Yogurt Gel: Healing Tissue Breakthrough by Columbia Scientists
Yogurt’s Tiny Messengers: A Sweet Surprise for Regenerative Medicine
new injectable hydrogel platform harnesses milk-derived extracellular vesicles to revolutionize tissue repair.
In a groundbreaking advancement for regenerative medicine, researchers have unveiled an innovative injectable hydrogel platform that utilizes extracellular vesicles (EVs) derived from milk, specifically from yogurt, to overcome significant barriers in biomaterial development. Published in the journal Matter, this research, led by Santiago correa, assistant professor of biomedical engineering at Columbia Engineering, promises to usher in a new era of accessible and effective therapeutic materials.
Extracellular vesicles, tiny particles naturally secreted by cells, are biological powerhouses, carrying hundreds of crucial signals like proteins and genetic material.this intricate cellular dialog is notoriously arduous to replicate with synthetic materials. However, Correa and his team have ingeniously designed a hydrogel system where these milk-derived evs play a dual role: they act as potent bioactive cargo and, remarkably, serve as essential structural building blocks. By crosslinking biocompatible polymers, these EVs create an injectable material that mimics the mechanics of living tissue and actively engages surrounding cells, thereby promoting healing and tissue regeneration without the need for additional chemical additives.
The unconventional approach of leveraging yogurt EVs proved instrumental in overcoming the yield constraints that have historically hampered the development of EV-based biomaterials. “This project started as a basic question about how to build EV-based hydrogels,” explained Correa. “Yogurt evs gave us a practical tool for that, but they turned out to be more than a model. We found that they have inherent regenerative potential, which opens the door to new, accessible therapeutic materials.”
Correa, who directs the Nanoscale Immunoengineering Lab at Columbia University and is a member of the Herbert Irving Complete Cancer Center, collaborated with fellow Columbia Engineering faculty member Kam leong. The study was further bolstered by an international partnership with researchers from the University of Padova, including Elisa Cimetta and graduate student Caterina Piunti. This synergy, combining Padova’s expertise in agricultural EV sourcing with the Correa lab’s proficiency in nanomaterials and polymer-based hydrogels, underscores the power of cross-disciplinary, global collaborations in driving biomaterial innovation.
The team’s success in using yogurt-derived EVs has allowed them to define a design space for generating hydrogels that integrate EVs as both structural and biological components. Further validation using evs from mammalian cells and bacteria demonstrated the platform’s modularity and compatibility with diverse vesicle sources. This opens up exciting possibilities for advanced applications in wound healing and regenerative medicine, areas where current treatments often struggle to achieve long-term tissue repair. By embedding EVs directly into the hydrogel structure, the material facilitates sustained delivery of their bioactive signals, and its injectable nature allows for precise local delivery to damaged tissues.Early experimental results in immunocompetent mice have been highly promising. yogurt EV hydrogels proved to be biocompatible and exhibited potent angiogenic activity within a week, demonstrating that agricultural EVs are not only valuable for fundamental biomaterials research but also hold significant therapeutic potential as a next-generation biotechnology. The material showed no adverse reactions and, instead, actively promoted the formation of new blood vessels – a critical factor in effective tissue regeneration. Correa’s team also observed that the hydrogel cultivates a unique immune environment rich in anti-inflammatory cell types, which may play a crucial role in the observed tissue repair processes. The researchers are now actively investigating how this immune response can be harnessed to guide tissue regeneration more effectively.

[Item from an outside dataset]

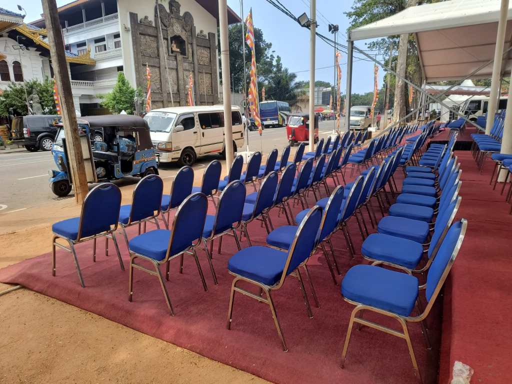 We pass by the Gangaramaya temple, where the dignitaries will sit. Across from the temple, there is a covered wooden platform with ten rows of rather grand upright wooden dining chairs with cushions. A definite step up from the plastic chairs the rest of us will be sitting on. Next to them is another platform, a little lower down with ten rows of brand new metal chairs with padded seats and backs, upholstered in a rather smart royal blue. Now that’s where I belong, I muse. That would do very nicely.

“Being able to design a material that closely mimics the body’s natural environment while also speeding up the healing process opens a new world of possibilities for regenerative medicine,” commented Artemis Margaronis, an NSF graduate research fellow in the Correa lab and a key contributor to the study. “Moments like these remind me why the research field in biomedical engineering is always on the cusp of something exciting.” This innovative approach, born from an unexpected source, is poised to transform how we heal and regenerate damaged tissues.